INPUT DATA
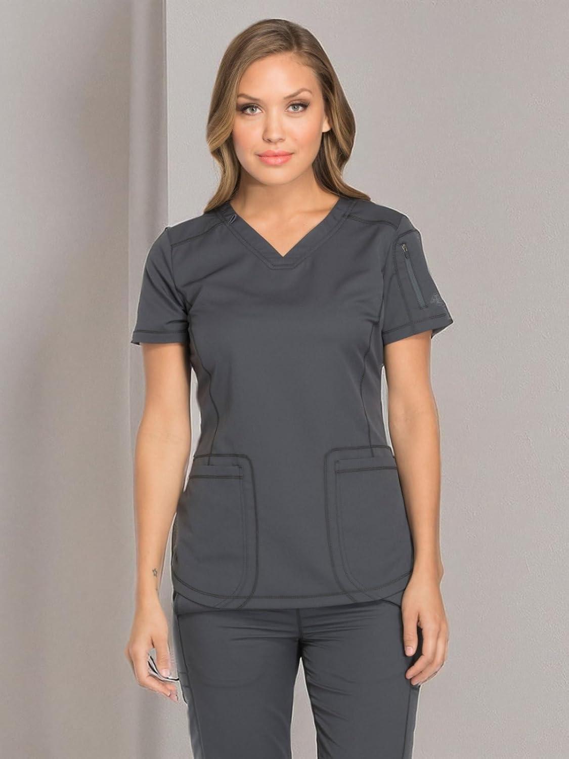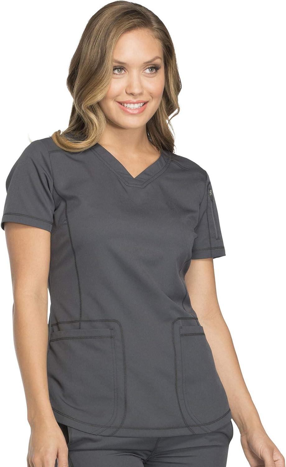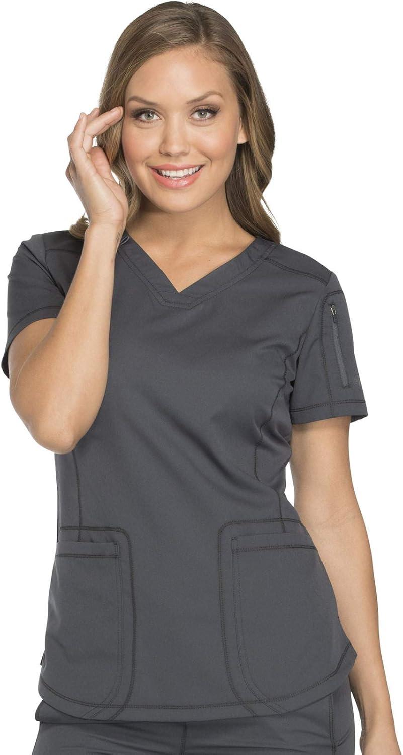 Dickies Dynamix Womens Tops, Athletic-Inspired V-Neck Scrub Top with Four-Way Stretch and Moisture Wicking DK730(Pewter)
...
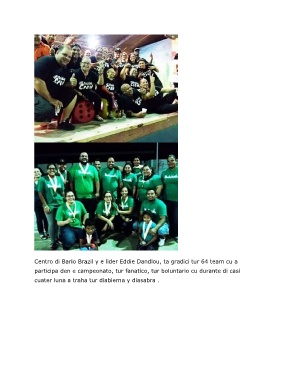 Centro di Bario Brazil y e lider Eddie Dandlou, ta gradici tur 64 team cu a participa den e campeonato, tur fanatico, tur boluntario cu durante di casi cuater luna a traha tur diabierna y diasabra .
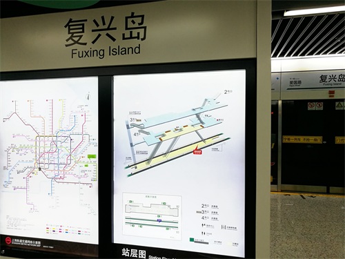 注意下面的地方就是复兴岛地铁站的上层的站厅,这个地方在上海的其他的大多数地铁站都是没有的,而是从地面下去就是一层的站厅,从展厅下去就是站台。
...
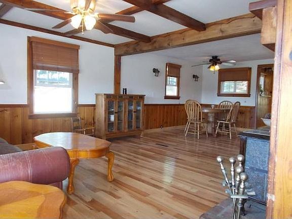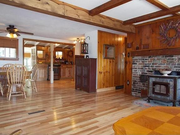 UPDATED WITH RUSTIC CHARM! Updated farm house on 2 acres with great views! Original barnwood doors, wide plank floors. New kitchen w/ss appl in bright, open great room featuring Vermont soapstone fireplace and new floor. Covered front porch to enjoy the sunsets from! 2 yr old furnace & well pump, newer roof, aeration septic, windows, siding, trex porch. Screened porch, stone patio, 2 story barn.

WORK TO COMPLETE
How would the lines above read from the one with "Centro di Bario" to the one with "注意下面的地方就是复兴岛地铁", inclusive, with no pictures? Write them out exactly.

SOLUTION TO THE EXERCISE
 Centro di Bario Brazil y e lider Eddie Dandlou, ta gradici tur 64 team cu a participa den e campeonato, tur fanatico, tur boluntario cu durante di casi cuater luna a traha tur diabierna y diasabra .
 注意下面的地方就是复兴岛地铁站的上层的站厅,这个地方在上海的其他的大多数地铁站都是没有的,而是从地面下去就是一层的站厅,从展厅下去就是站台。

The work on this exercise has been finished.